South Korea's top national security adviser on Friday rejected talk of a possible downsizing of U.S. troops on the Korean Peninsula.
Chung Eui-yong, chief of the presidential National Security Office, told reporters after meeting with his U.S. counterpart, John Bolton, that such talk was also unhelpful.
"I think it's unacceptable that the issue of the U.S. Forces Korea keeps being raised," he said before his departure from Dulles Airport near Washington. "At my meeting (with Bolton) today we reaffirmed the strength of the South Korea-U.S. alliance and our joint defense posture."
|This photo, provided by South Korea's presidential office, Cheong Wa Dae, shows Chung Eui-yong (L), director of the National Security Office, and U.S. National Security Adviser John Bolton at the White House in Washington on May 4, 2018. (Yonhap)|
The New York Times reported Thursday that U.S. President Donald Trump had ordered the Pentagon to provide options for reducing American troops stationed in South Korea.
The report came just weeks before a high-stakes summit between Trump and North Korean leader Kim Jong-un, during which the U.S. leader plans to negotiate for the dismantlement of the regime's nuclear weapons program.
Asked if he doesn't think the troops issue will be raised at the Trump-Kim meeting, Chung said, "That's what I expect."
"Certain media reports appear to have been completely groundless," he added.
The Times report said that the downsizing is not designed as a "bargaining chip" in Trump's talks with Kim, but a peace treaty between the two Koreas could diminish the need for U.S. Forces Korea.
"Now, I have to tell you, at some point into the future, I would like to save the money," Trump told reporters Friday. "But troops are not on the table.
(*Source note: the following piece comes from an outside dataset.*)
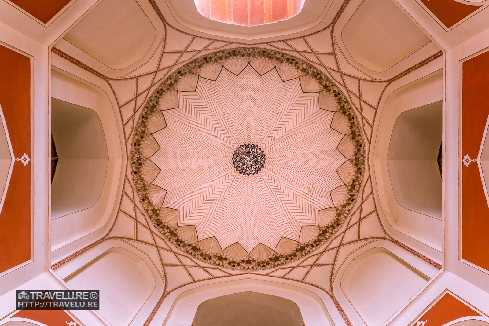 While the structure is large, it is not flamboyant. The main dome is 42.5mt high. The ceiling has a chevron motif running along the radials of the circular design. It is also called a dormitory of the Mughals. As the complex has about 150 tombs of other Mughal family members besides Humayun. As a structure, the main tomb is symmetric and aesthetic.

Absolutely."
Bolton issued a statement slamming the report as "utter nonsense."
Chung said he shared the outcome of last week's inter-Korean summit with Bolton and discussed ways to work together to ensure the success of the Trump-Kim meeting.
He and Bolton also started preparations for South Korean President Moon Jae-in's visit to the White House on May 22, the White House later said in a readout. The two leaders plan to discuss Trump's upcoming meeting with Kim.
"The two ambassadors reaffirmed that there are no plans to change the United States-Republic of Korea bilateral defense posture in the Republic of Korea," the White House said. (Yonhap)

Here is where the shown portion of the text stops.